In my husband's family, his mother and father bend over backwards to accomodate his sister's whims, for she is spoiled rotten. (For example, no use of the common kitchen before 9 because she has to be able to rest, and that's generous since she usually sleeps till 11)
My point being: in his family being spoiled trumps being male. They, the parents, are the ones who created the monster, and now they have to feed it. Even my usually aloof husband has seen the injustice of what we and our children are required to do to keep the peace, and has promised never to vacation with them again.
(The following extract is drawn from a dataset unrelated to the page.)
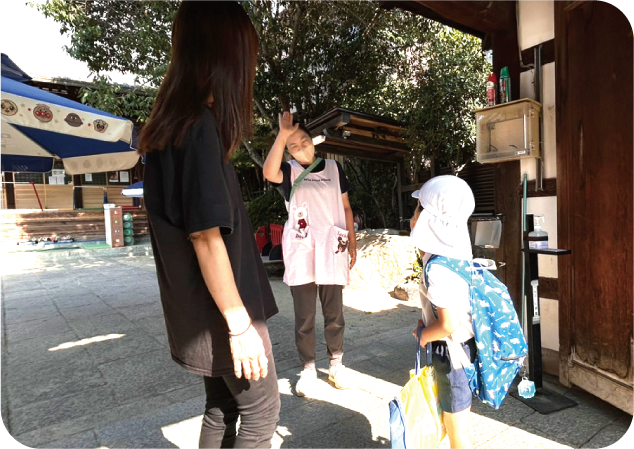 明るくあいさつを交わしながら健康状態を把握します。

If he doesn't keep his promise, I like how you have resolved teh vacation with teh respective families issue.
Thanks for your blog, I very much enjoy it.

Quantum Moxie said...

Since it is not obvious from my posting identity, I have to preface this by pointing out that I am a guy - beer guzzling, sports loving, the whole thing.

Regardless, I come from a family of strong women and I love it.
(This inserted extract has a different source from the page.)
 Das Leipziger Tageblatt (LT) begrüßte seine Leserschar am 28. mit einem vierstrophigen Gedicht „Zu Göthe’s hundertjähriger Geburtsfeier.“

My great-grandmother became an "honorary" member of a men's club a century-ago because, after walking my great-grandfather to the club a few times (because she was distrustful of the ladies along the route who used to wave hello), flat-out refused to leave and none of the men had the guts to tell her to leave (she was intimidating).

My grandmother on the other side of the family took her father to court (in 1932) because he was being a jerk to her mother.

And those are just two of many stories. My daughter is already preparing her place in family lore and she's only 4.

Miss Cellania said...

This is one problem I don't have to deal with, since all the men in my family died off.

Unknown said...
This comment has been removed by the author.